Arturo Benedetto Giovanni Giuseppe Pietro Archangelo Alfredo Cartoffoli dé Milano



Edito Lausanne FM – Mercredi 21.11.07 – 07.50h



On peut être un fou du volant et, en même temps, un excellent conseiller aux Etats. C’est ce qu’a décidé, dimanche, le peuple tessinois, en reconduisant, pour quatre ans, à la Chambre des cantons, le Fangio de la politique suisse, le démocrate-chrétien Filippo Lombardi. Lequel devance largement son rival socialiste, l’oncologue Franco Cavalli.
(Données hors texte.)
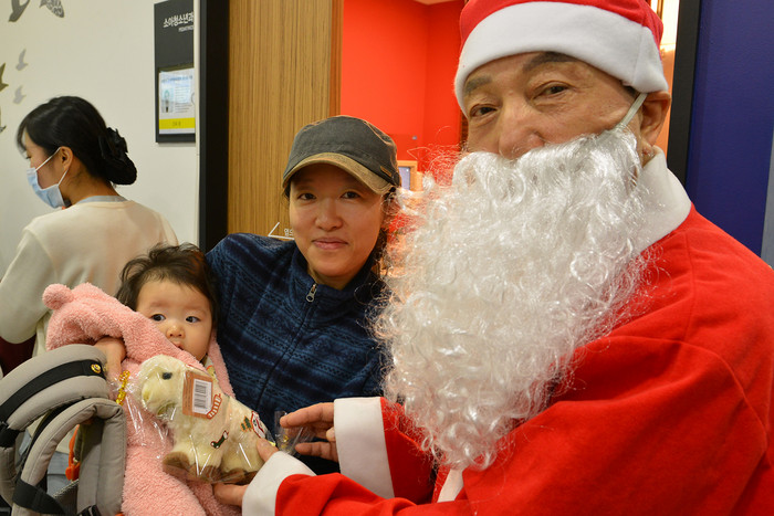 | ▲ 19일 산타할아버지가 된 H+양지병원 김철수 이사장이 병원 소아청소년과에서 한 어린이에게 X-마스 선물을 주며 즐거운 시간을 함께 나누고 있다. |
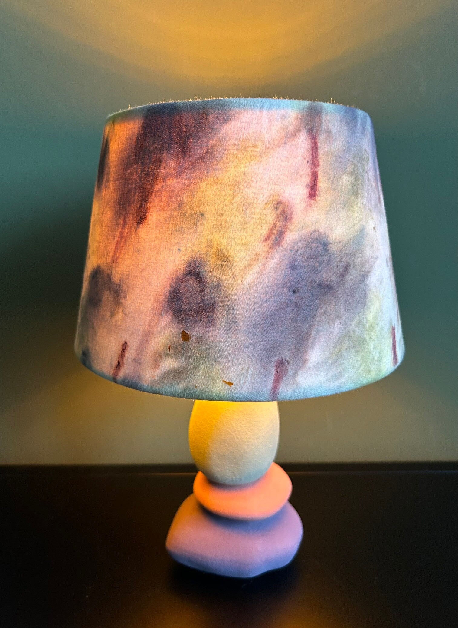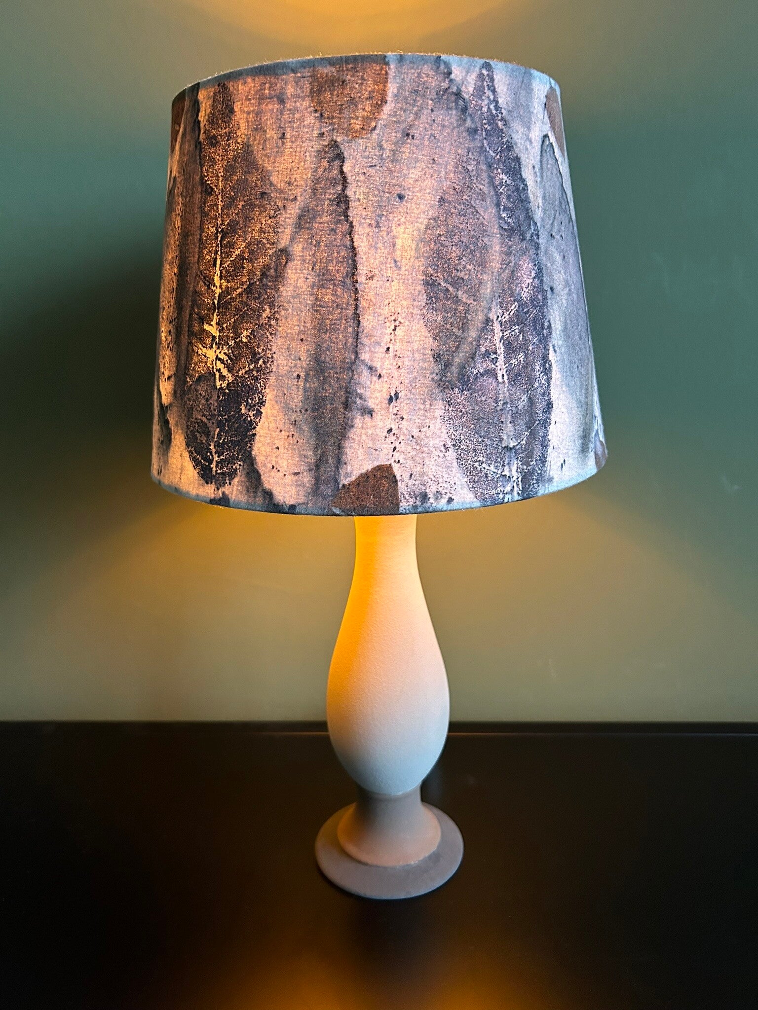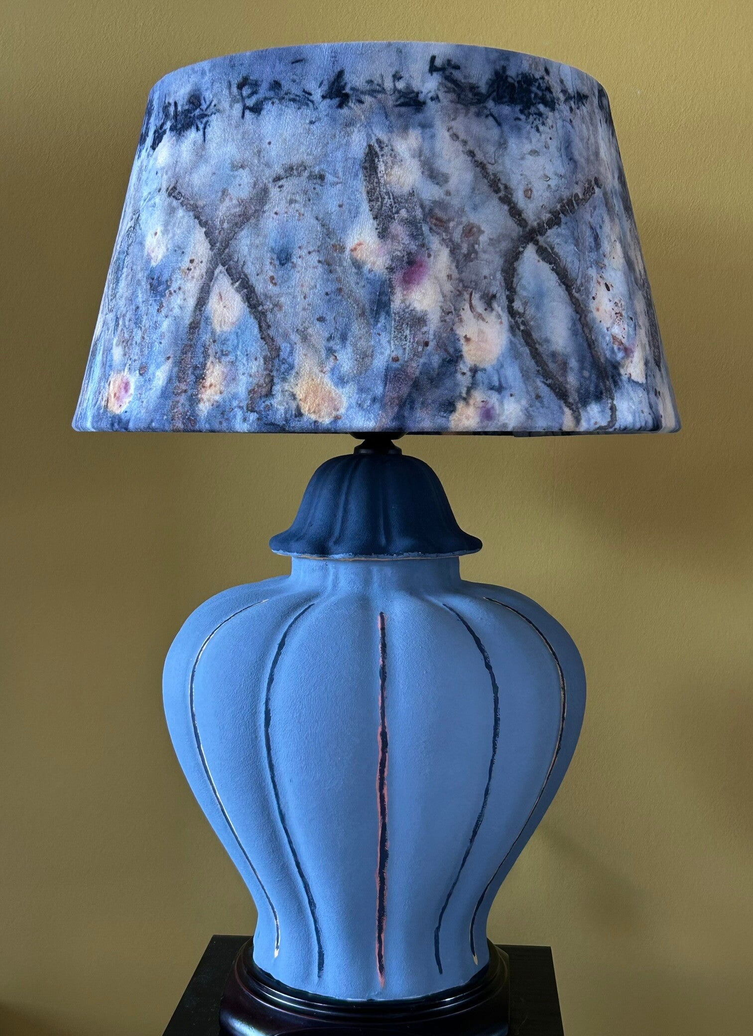 Een oude lamp van de kringloop wordt een hippe eyecatcher wanneer de kap bekleed wordt met een natuurlijk geverfde stof en de voet behandeld wordt met krijtverf. Of je nu alleen een lampenkap wil of een volledige lamp, alles is mogelijk. Je kan kiezen uit de voorraad of vragen naar een lamp op maat met specifieke afmeting en kleur. Of breng je eigen oude lamp of lampenkap mee, ik maak 'm graag weer als nieuw. Geheel duurzaam en circulair natuurlijk. Het effect van de val van het licht door de geprinte stof is verbluffend. Laat je inspireren door de onderstaande voorbeelden.

Ce vote tessinois est une leçon politique, et mérite qu’on s’y arrête. Il nous rappelle qu’en démocratie, le seul souverain, c’est le peuple. Non pas l’opinion (doxa), non pas le peuple en ébullition qui manifeste (plêthos), mais bel et bien démos, le corps électoral qui, un beau dimanche, se rend aux urnes.
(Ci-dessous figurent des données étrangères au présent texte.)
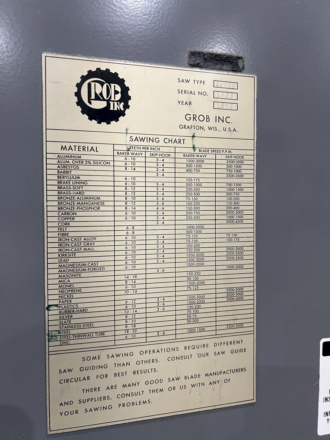 36" GROB MODEL #4V-36 VERTICAL BAND SAW: STOCK 19834
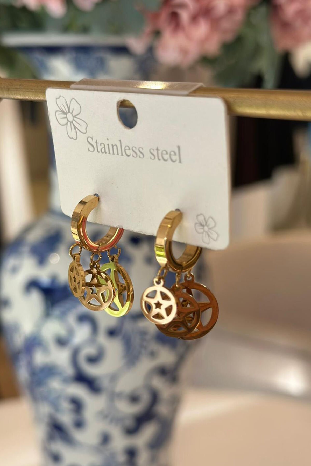 Çoklu Yıldız Gold Çelik Küpe
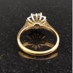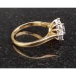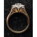An 18ct stamped ring with a floral cluster of seven central diamonds with six small shoulder diamonds. Size L/M. Gross weight 3.7g approx. All diamonds tested.
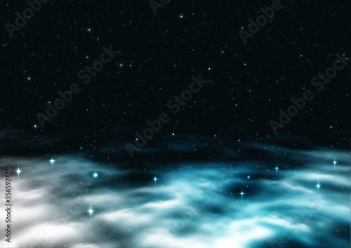 Obraz premium 星空と白く光る星雲(ホワイト&グリーン)
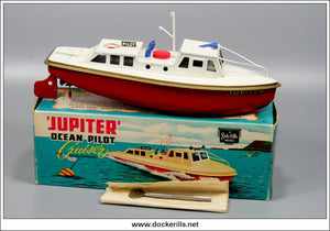 Jupiter Ocean Pilot Boat, Sutcliffe Pressings Ltd., England. Clockwork Toy Boat.
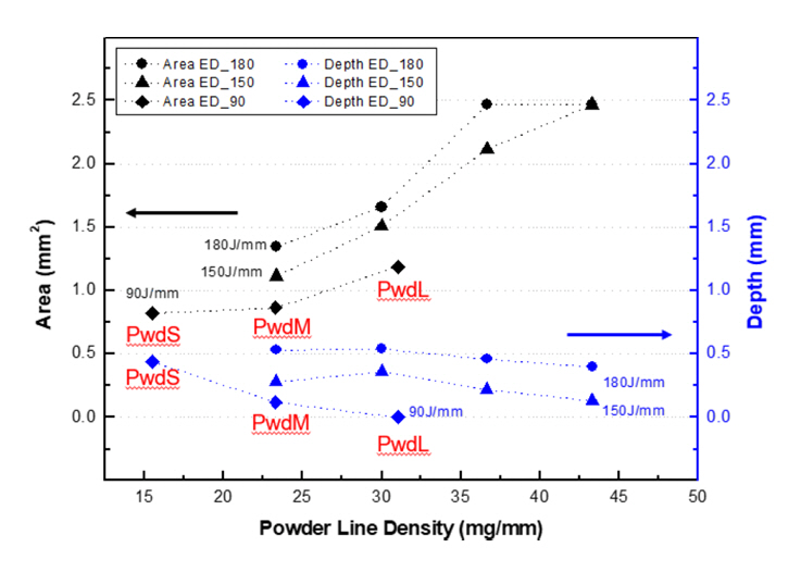 ELD에서도 동일하게 나타났으며 PLD에 따른 비드 단면적과 Melt-pool의 깊이 변화를 그림 6에 나타내었다. 그림 6에서 동일한 PLD 조건에서, ELD가 증가함에 따라 비드의 단면적과 MPB의 깊이가 함께 증가하는 것을 확인할 수 있다. 이는 기존 에너지 밀도와

Filippo Lombardi, excellent conseiller aux Etats, se trouve avoir eu quelques problèmes au volant. Aux yeux du Code de la Route, c’est même un récidiviste notoire, boulimique de vitesse, assez proche de cet Alfredo, de Milano, au nom interminable, avec ses gants de cuir, qui prend Tintin dans sa voiture, dans l’Affaire Tournesol. Pour ces infractions, Lombardi a payé (il a rendu son permis) et va peut-être payer encore, avec effet retard.
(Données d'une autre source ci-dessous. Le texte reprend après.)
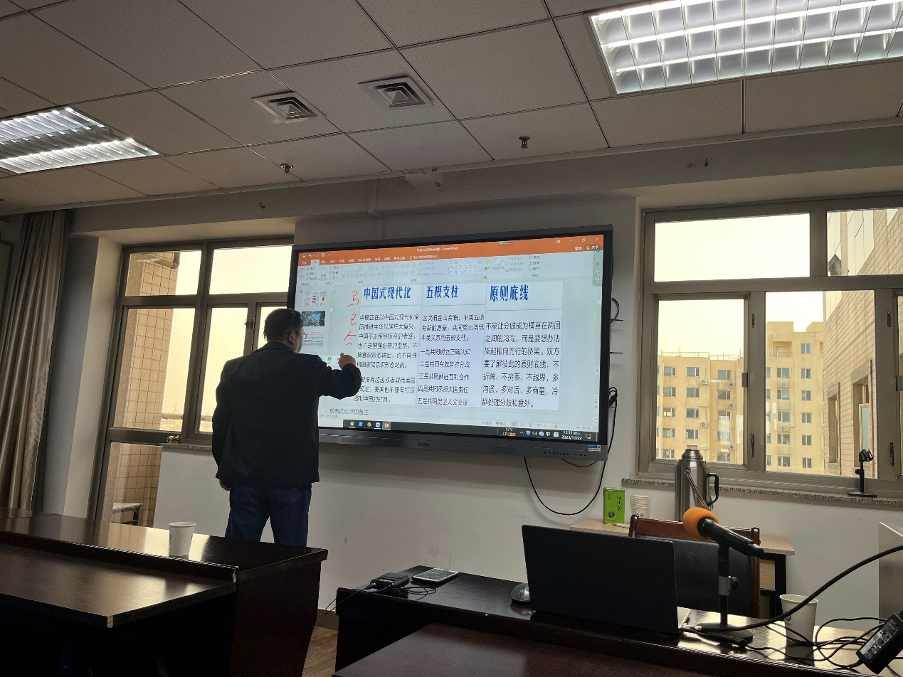关于二十大中经济层面的内容,许安拓研究员指出,中国式现代化是新时代新征程的中心任务,未来中国发展举措将聚焦六大抓手,努力实现中国式现代化。同时,新时代下党的使命任务发生了转变,实施两步走战略安排有利于加快实现我国的现代化。许安拓研究员还向同学们详细阐述了什么是中国共产党领导的现代化、什么是人口规模巨大的现代化、什么是全体人民共同富裕的现代化、什么是物质文明和精神文明的现代化、什么是人与自然和谐共生的现代化以及什么是走和平发展道路的现代化。

La faille, évidemment, était trop belle, l’odeur du sang trop attirante pour que les requins, tout alentour, ennemis politiques ou presse people, se gênent. Au point qu’on n’a plus parlé de Lombardi, dans certains journaux, que comme prince des chauffards et roi du macadam. Et de preux moralistes, parmi mes confrères, ont saisi leur blanche plume, candide comme l’innocence d’une colombe sur la chaussée, pour demander la tête de l’ignoble avaleur de kilomètres.

Seulement voilà. Lombardi a tenu bon. Il a reconnu ses fautes sur la route, il a continué de représenter son canton sous la Coupole, dont il est un élément de grande qualité. Et il est allé, lentement, professionnellement, vers le seul juge qui vaille, le suffrage universel. Et dimanche, le peuple tessinois, parfaitement au courant de l’affaire, a décidé souverainement qu’il voulait Lombardi, pour quatre année supplémentaires, à la Chambre haute du Parlement.

Le peuple, oui, pas les juges. Le peuple, pas les ragots, ni cette hyène errante qu’on appelle l’opinion, ou la rumeur. Le peuple souverain, pas les corps intermédiaires. C’est lui, en toute chose, qui tranche. Non qu’il exonère Lombardi de ses péchés routiers. Mais il considère que la politique et la morale, la politique et le volant, la politique et la vitesse, ce sont des choses différentes. Le grand Machiavel, qui ne connaissait au mieux que le galop du cheval, n’aurait pas dit mieux.